Redaksi juga menegaskan bahwa alasan keselamatan berasal dari pernyataan penulis sendiri.
Berdasarkan informasi yang Redaksi Nusantara Media peroleh dari Tempo, redaksi Tempo telah menghubungi Editor detikcom, Sudrajat, pada Jumat, 23 Mei 2025.
Dalam komunikasi tersebut, Ajat menjelaskan peristiwa yang terjadi, namun tidak mengizinkan pernyataannya untuk dikutip demi menjaga privasi.
Dewan Pers: Belum Keluarkan Rekomendasi
Ketua Dewan Pers, Komaruddin Hidayat, menyatakan bahwa pihaknya belum mengeluarkan rekomendasi kepada detikcom untuk menarik artikel tersebut.
“Dewan Pers belum memberikan rekomendasi, saran, ataupun permintaan kepada redaksi detikcom untuk mencabut artikel opini tersebut,” kata Komaruddin Hidayat dalam keterangan tertulis pada Sabtu, 24 Mei 2025.
Ia juga menyampaikan bahwa lembaganya telah menerima laporan resmi dari penulis dan saat ini sedang dalam proses verifikasi serta kajian lebih lanjut.

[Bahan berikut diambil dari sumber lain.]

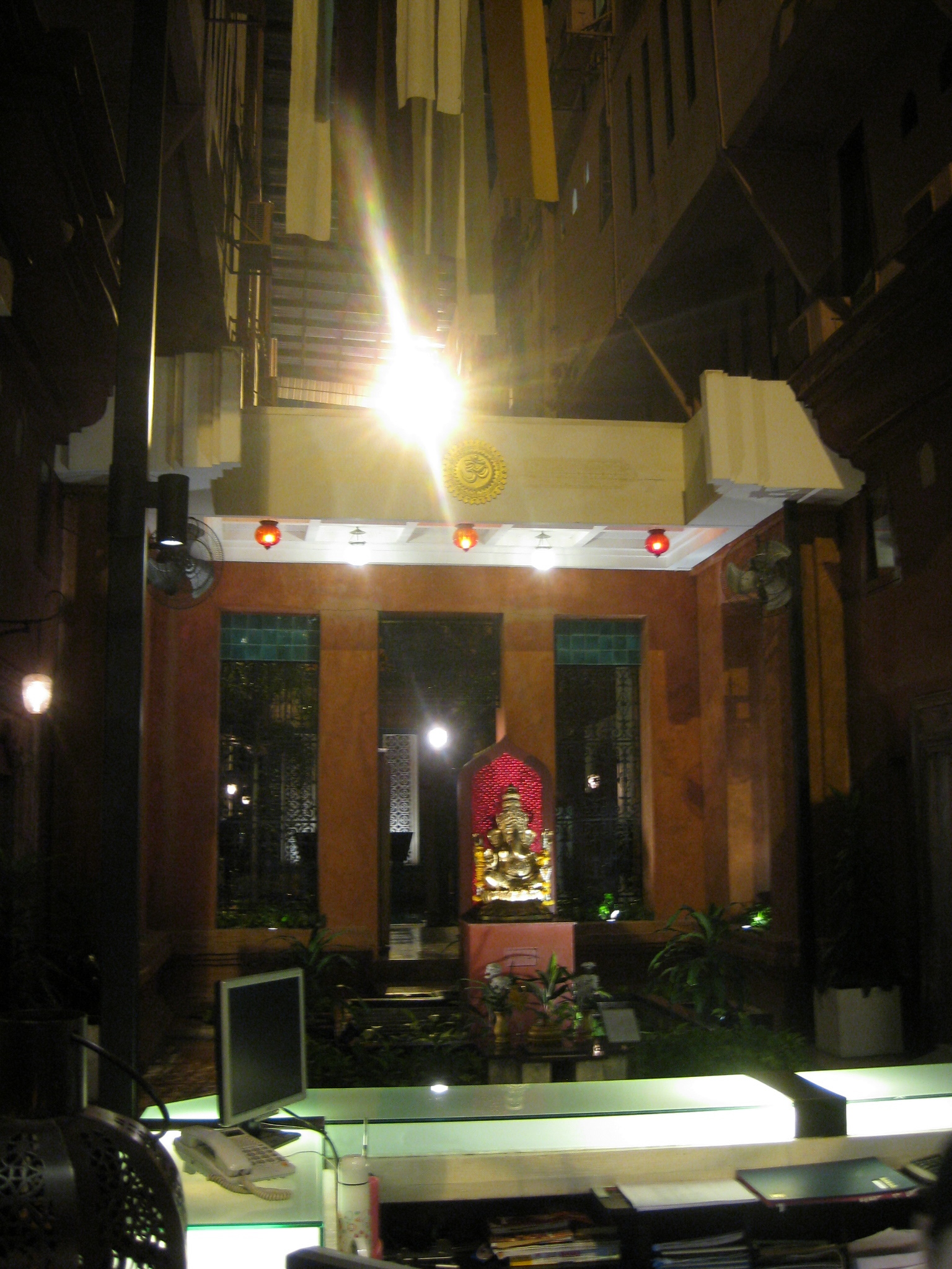 After checking in we walked over to the vintage elevators. The walls on the main floor and up on our floor were painted plaster, lending something like an exotic Middle Eastern feeling to it, in a way. That was my impression. Our room was moderately spacious with a nice TV and fridge. You’d think there’s no value to watching TV in a language you can’t read or speak, but in Thailand that rule doesn’t apply: their commercials are eye-arresting and cute or wry and surreal. Quite a few degrees beyond watching Tom and Jerry in a ramshackle puddle-jumper airport.

Komaruddin menegaskan bahwa redaksi media berhak melakukan koreksi atau mencabut artikel. Namun, redaksi tetap harus berpegang pada prinsip akurasi, keberimbangan, dan Kode Etik Jurnalistik (KEJ).
Namun, ia menekankan pentingnya keterbukaan informasi kepada publik.
Ia juga menegaskan bahwa media harus secara jelas menjelaskan pencabutan berita kepada publik. Penjelasan itu penting agar media tidak memicu spekulasi dan tetap mempertahankan kepercayaan masyarakat.
Komaruddin juga menyayangkan adanya dugaan intimidasi terhadap penulis. Ia menyerukan semua pihak untuk menjaga ruang demokrasi dan menghormati suara kritis warga negara, termasuk dari kalangan mahasiswa.